Task to complete ▸
The output should contain the listing word for word and no pictures.

━━ Data excerpt ━━

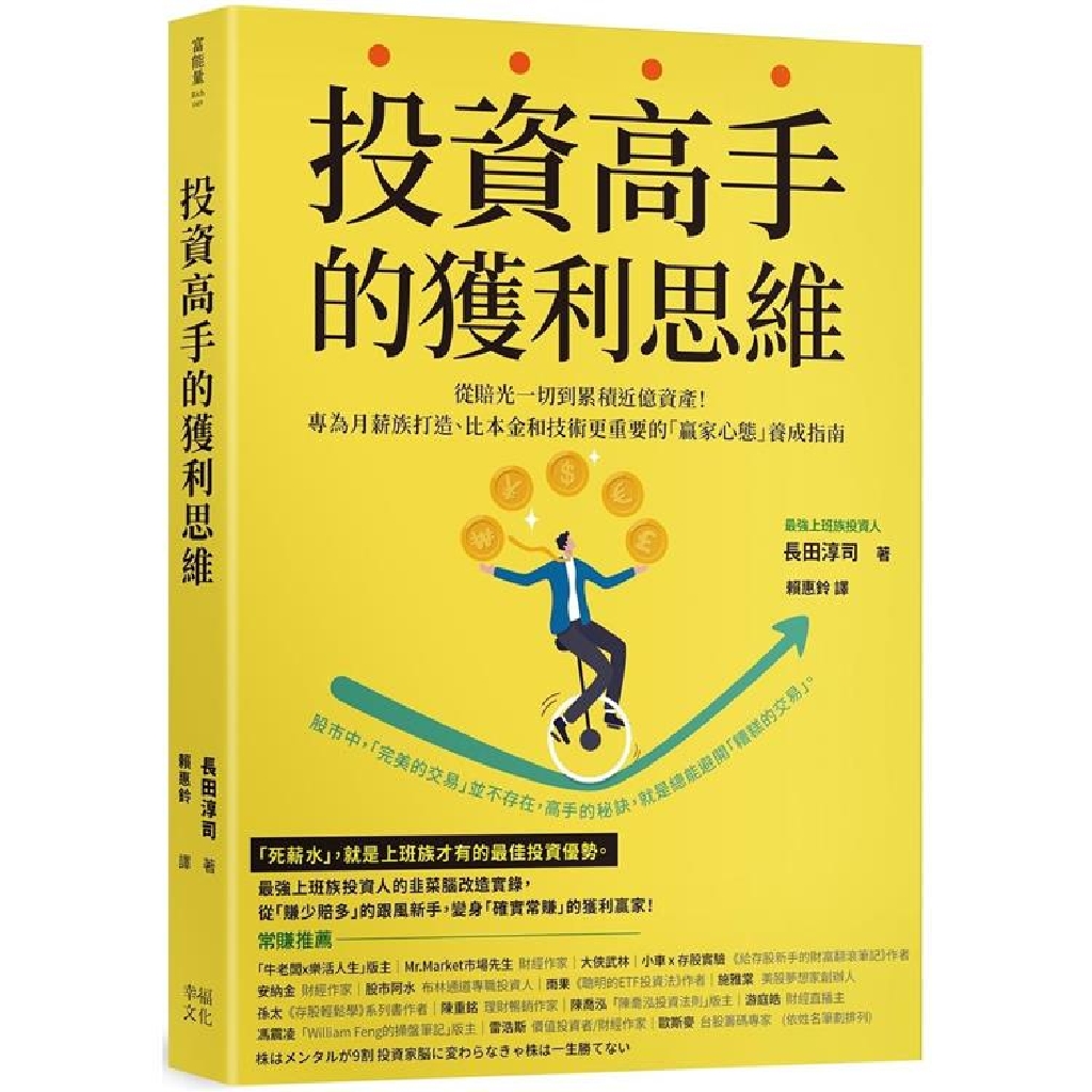 「最強的散戶上班族」長田淳司,笑稱自己是「不會技術分析、笨笨的二流投資家」,在學生時期盲買股票,第一次投資就獲利20%!嚐到甜頭後,只「憑感覺」在雷曼風暴的市場交易,賠光所有資產。檢討過去的投資內容,發現自己根本在胡亂賭博!而改變投資心態之後,長田認為,想成為投資贏家、打造「獲利腦」,一定要先具備「股市基本須知」:
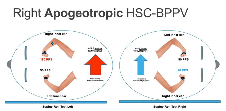 Please note: it is well understood that debris for apogeotropic HSC-BPPV can be in many places, including the short arm and periampullary regions on both sides of the cupula. In this example, we are treating the ampullary arm (anterior arm HSC-BPPV).
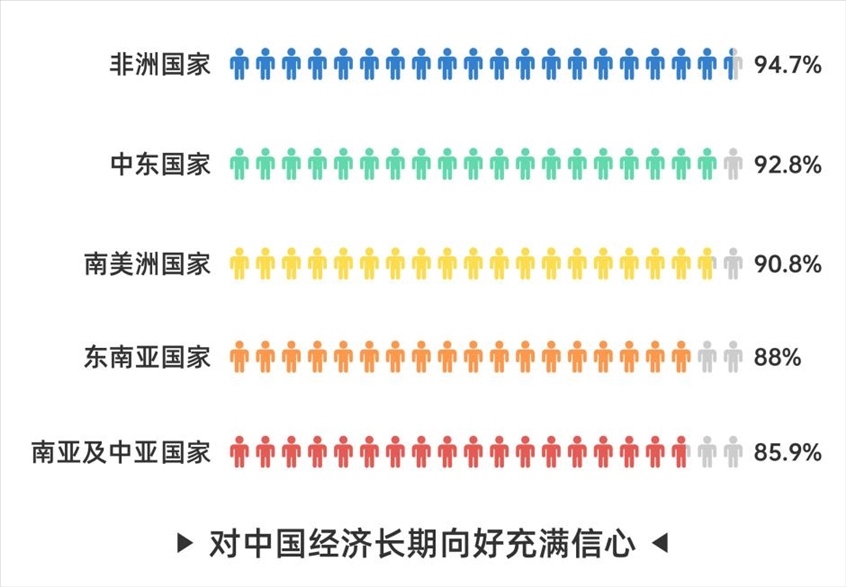 另有89.2%的受訪者肯定中國(guó)經(jīng)濟(jì)對(duì)世界經(jīng)濟(jì)的卓越貢獻(xiàn),較去年上升9.7個(gè)百分點(diǎn),非洲國(guó)家、中東國(guó)家和南美洲國(guó)家受訪者的認(rèn)同度分別為96.3%、95.2%和93.9%。

━━━

Solved exercise ▸
 「最強的散戶上班族」長田淳司,笑稱自己是「不會技術分析、笨笨的二流投資家」,在學生時期盲買股票,第一次投資就獲利20%!嚐到甜頭後,只「憑感覺」在雷曼風暴的市場交易,賠光所有資產。檢討過去的投資內容,發現自己根本在胡亂賭博!而改變投資心態之後,長田認為,想成為投資贏家、打造「獲利腦」,一定要先具備「股市基本須知」:
 Please note: it is well understood that debris for apogeotropic HSC-BPPV can be in many places, including the short arm and periampullary regions on both sides of the cupula. In this example, we are treating the ampullary arm (anterior arm HSC-BPPV).
 另有89.2%的受訪者肯定中國(guó)經(jīng)濟(jì)對(duì)世界經(jīng)濟(jì)的卓越貢獻(xiàn),較去年上升9.7個(gè)百分點(diǎn),非洲國(guó)家、中東國(guó)家和南美洲國(guó)家受訪者的認(rèn)同度分別為96.3%、95.2%和93.9%。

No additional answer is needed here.